Required work
The copy must match the data word for word and contain no pictures.

Data
# # # #

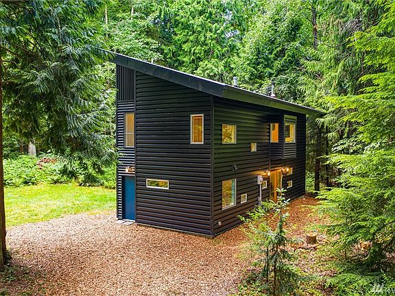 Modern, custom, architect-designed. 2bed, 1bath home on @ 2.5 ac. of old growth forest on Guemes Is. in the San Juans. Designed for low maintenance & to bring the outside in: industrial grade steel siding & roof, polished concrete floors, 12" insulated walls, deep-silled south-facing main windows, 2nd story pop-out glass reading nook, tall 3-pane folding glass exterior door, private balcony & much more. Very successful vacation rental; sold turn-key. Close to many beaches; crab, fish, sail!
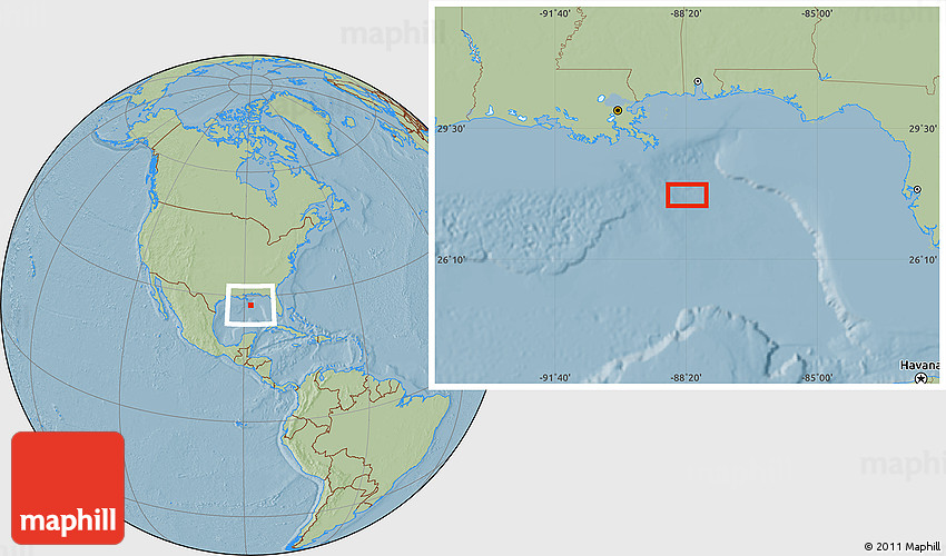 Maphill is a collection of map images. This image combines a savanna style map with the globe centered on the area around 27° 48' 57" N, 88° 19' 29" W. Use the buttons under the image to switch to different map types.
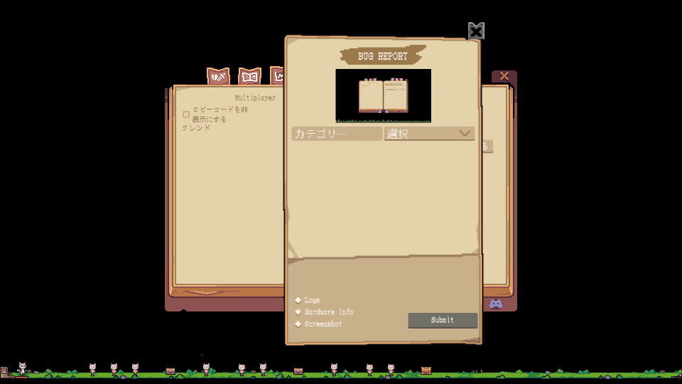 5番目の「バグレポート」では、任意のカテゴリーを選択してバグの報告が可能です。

# # # #

Answer box
 Modern, custom, architect-designed. 2bed, 1bath home on @ 2.5 ac. of old growth forest on Guemes Is. in the San Juans. Designed for low maintenance & to bring the outside in: industrial grade steel siding & roof, polished concrete floors, 12" insulated walls, deep-silled south-facing main windows, 2nd story pop-out glass reading nook, tall 3-pane folding glass exterior door, private balcony & much more. Very successful vacation rental; sold turn-key. Close to many beaches; crab, fish, sail!
 Maphill is a collection of map images. This image combines a savanna style map with the globe centered on the area around 27° 48' 57" N, 88° 19' 29" W. Use the buttons under the image to switch to different map types.
 5番目の「バグレポート」では、任意のカテゴリーを選択してバグの報告が可能です。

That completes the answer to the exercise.